I feel my eyes get so wide they damn near pop out of my head.  This is the first time Jack ever talked about marriage without me bringing up the subject first. 

I say, "I know how we can make $500." 

"No, no," he says, but I know he's turned on. 

The next thing, we're at the Pelican and I'm telling this fat guy in a tuxedo that my name is Candy Derrière.  He laughs and says, "Don't make me no never mind what you call yourself, long as you shake what God give you."

He tells me the rules:  I strip to my undies the first set, take off my bra the second and my panties the third time around.  Each set, he says, the girl with the least applause gets eliminated.  Then the one that gets the most cheering at the end wins the $500. 

I look at the competition.  Five of us, and two of them look like they could make a pig jealous.  The others are pretty, I admit, but I figure I have a chance at least to get into the final round.

When he calls my name, I almost pee in my new lace panties.  Jack says maybe we should go home, but I get up there and start dancing.  I just sort of snap my fingers and move to the music.  To tell the truth, Jack doesn't dance unless we're at a family wedding, so it feels good to just let go.  It doesn't take long before I get so into it I almost forget to strip.  Then I hear the men hooting.  I take off my blouse and it's like wearing a bathing suit top, so I just keep on dancing.  That's when I hear the fat guy on the mike saying, "Okay darlin', time to take off your pants." 

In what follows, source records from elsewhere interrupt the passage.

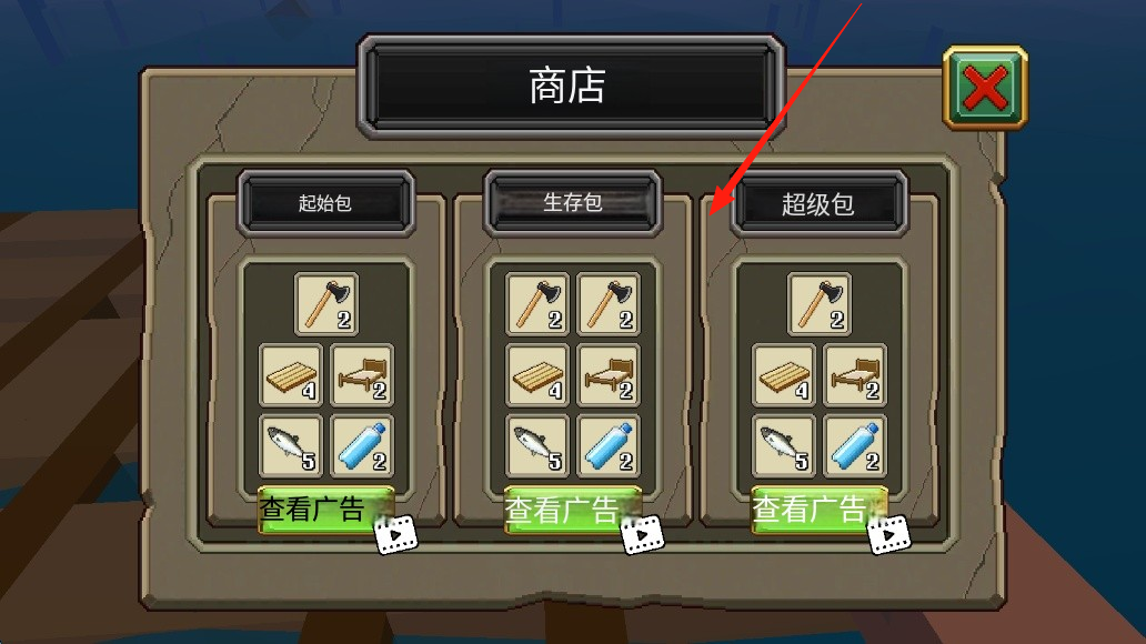3、打开商店,看广告解锁起始生存超级包,获取工具资源,助力冒险探索。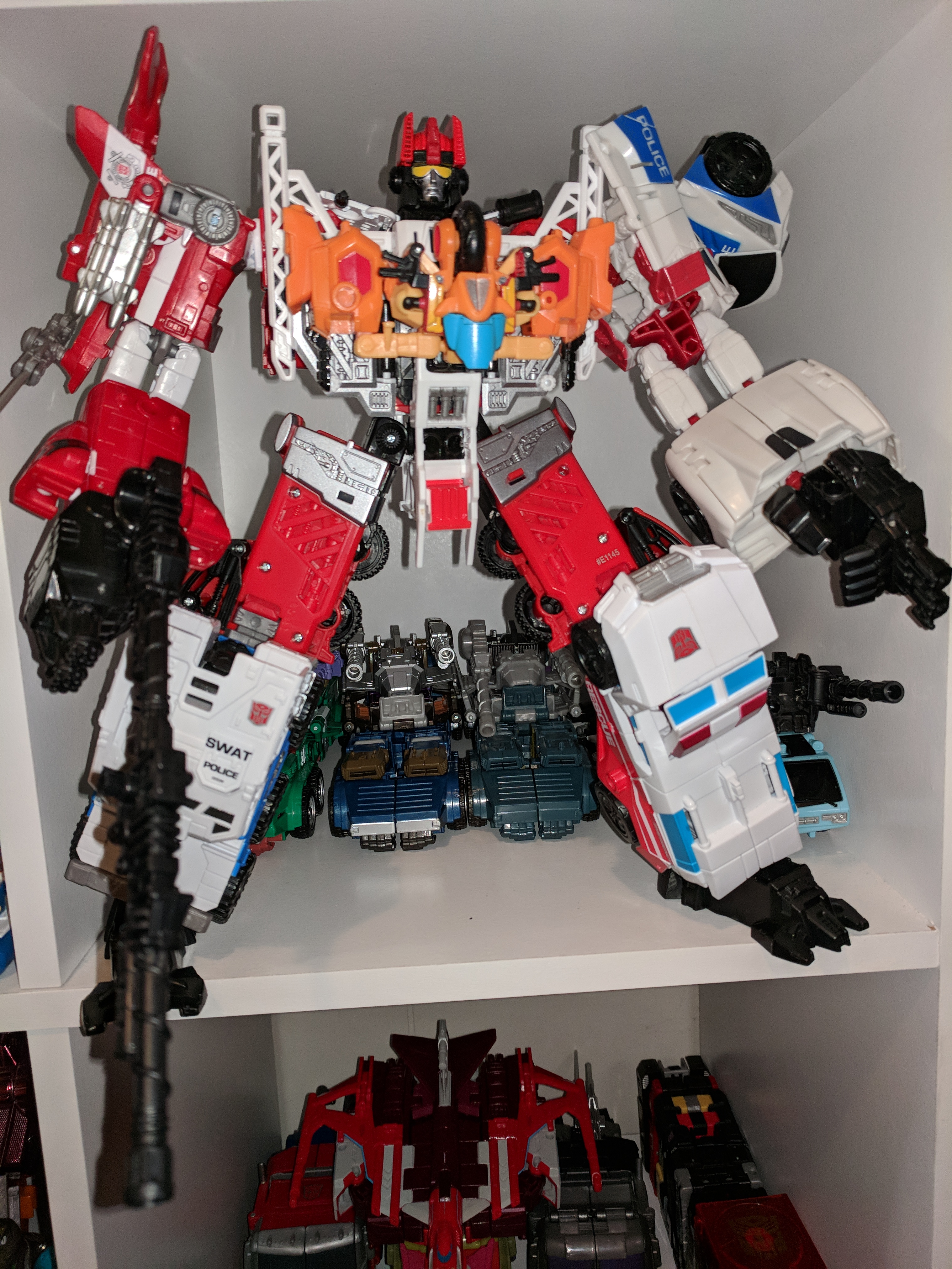 but I'm also glad I will have Inferno in a different mold than Grapple, make him a bit more unique. And he looks very IDW with that robot mode, so I'm fine with it. He may even get a team and combine some, but I'm not sure yet. I could give him Lost Lightatron's limbs, or the autobot limbs from the line and keep Elita her own person (and she is really good to me as her own person, she looks good with PotP Prime, TR Laser Prime, and Alpha Trion).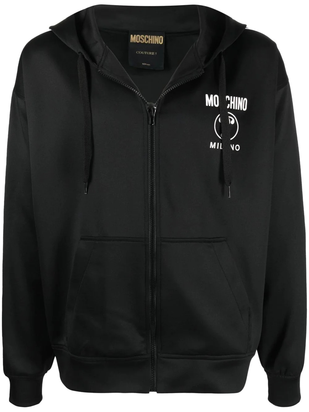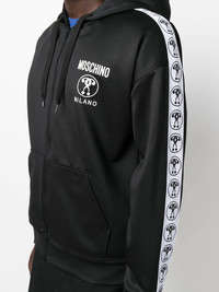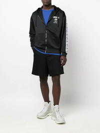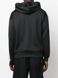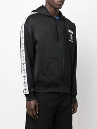 logo-print zip-up hoodie black logo print at the chest logo-tape detailing drawstring hood front zip fastening long sleeves two side pouch pockets straight hem Made in Italy Composition Polyester 90%, Elastane 10% SIZE & FIT Model measurements Height 6 ft 0 in(1.84 m) Bust/Chest 35.82 in(91 cm) Hips 37 in(94 cm) Waist 28.34 in(72 cm)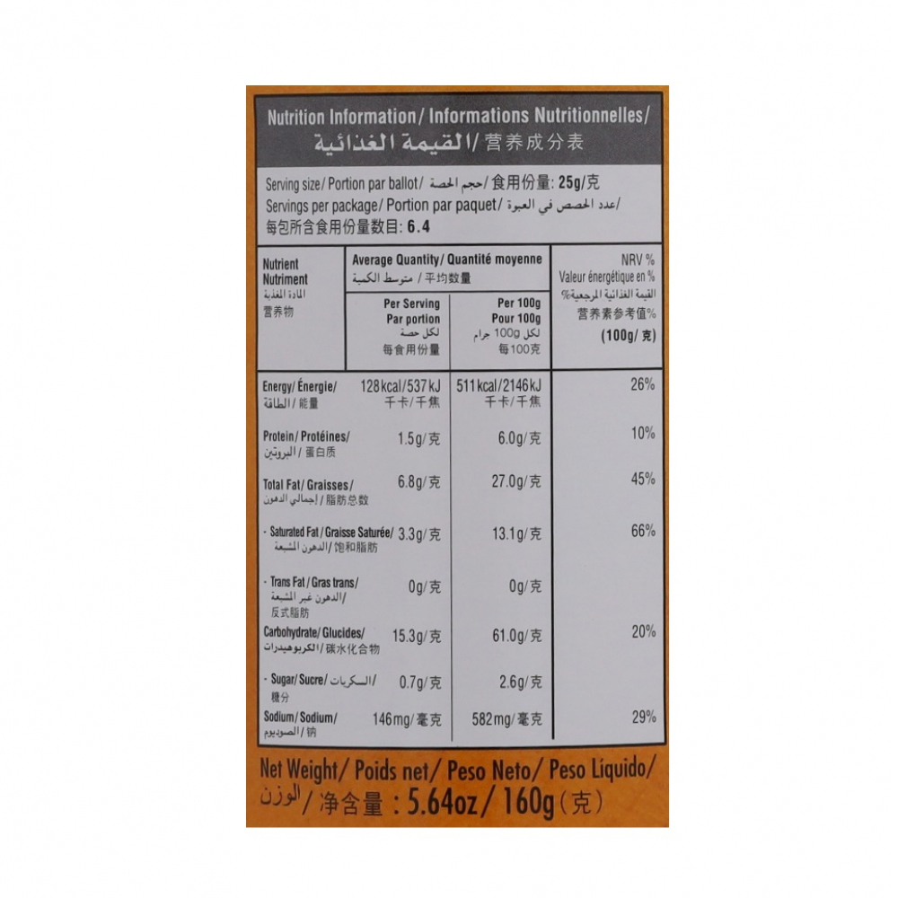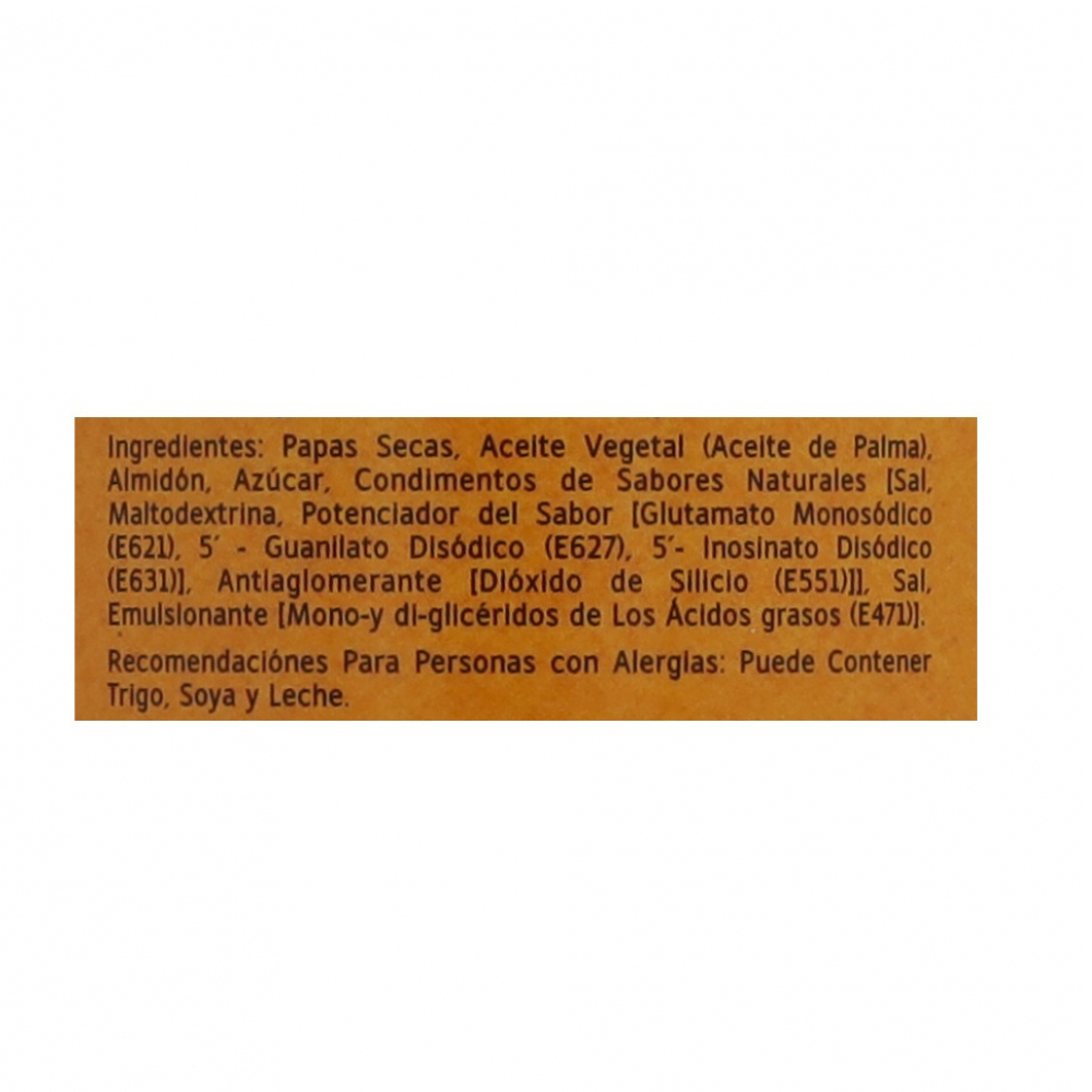 Ingredientes: Papas Secas, Aceite Vegetal (Aceite de Palma), Almidón, Azúcar, Condimentos de Sabores Naturales (Sal, Maltodextrina, Potenciador del Sabor (Glutamato Monosódico E621, 5´-Guanilato Disódico E627, 5´-Inosinato Disódico E631, Antiaglomerante (Dióxido de Silicio E551), Sal, Emulsionante (Mono-y di-glicéridos de los Ácidos Grasos E471)).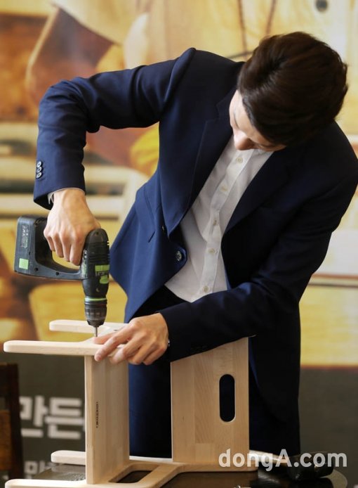 배우 이천희가 4일 오전 서울 마포구 동교동 카페 꼼마2호점에서 열린 에세이 '가구 만드는 남자' 출판 기념 간담회에서 파파체어 시연을 하고 있다.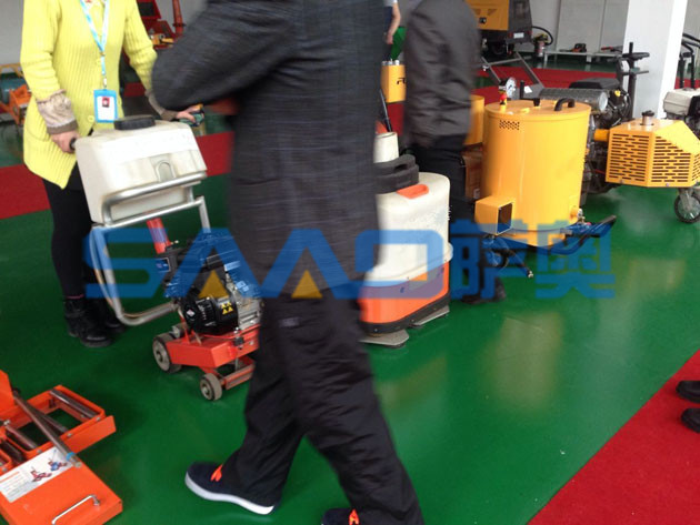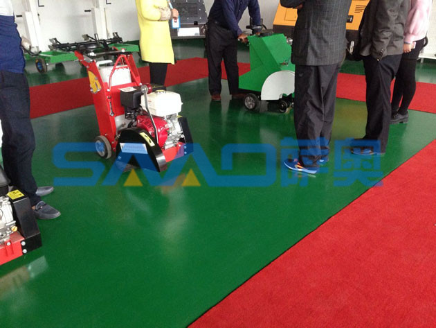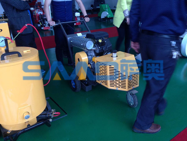 在經理的陪同下,客戶參觀了薩奧公司的生產車間和設備展廳,認真的觀看了路面開槽機,瀝青灌縫機的生產流程。工作人員就產品的配置和技術參數詳細介紹給了客戶,客戶親自試用機器,對產品的功能和質量非常的贊同。

I try to do it all slow and sexy, but I get my leg caught and I start hopping around like a drunk rabbit.  But I catch myself and laugh and the audience cheers.  I make it to round two.

I don't even remember the second round because I had a couple hurricanes with the tip money I got from an old guy.  All I know is during the break I stay close to Jack, and before I go on stage again, I slip off my shirt and pants without falling down.  When it comes time to undo my bra,  I just do it.  I'm surprised that the crowd likes my little titties because they whoop like I'm Dolly Parton.

I'm really psyched for the third set and a little drunk.  When the fat man gives me my cue and the music starts, I slip off my panties without even looking at the crowd.  I turn and shake my booty like I see on MTV, but when I turn around again, "I see a sight that give me a fright," like Grandpa says. 

There was Grandpa with his arm around Jack, whooping and hollering.  He was making so much noise, they give me the $500 just to shut him up, I swear.  Seems he's a Wednesday night regular.  He gets there about eleven, just in time for the third set. 

He says to me, "Girl, you don't tell your grandmamma what you seen, I won't tell nobody what I seen."  

Me and Jack are planning on staying at a big hotel at the Gulf Shores for our honeymoon.  Right after our big church wedding.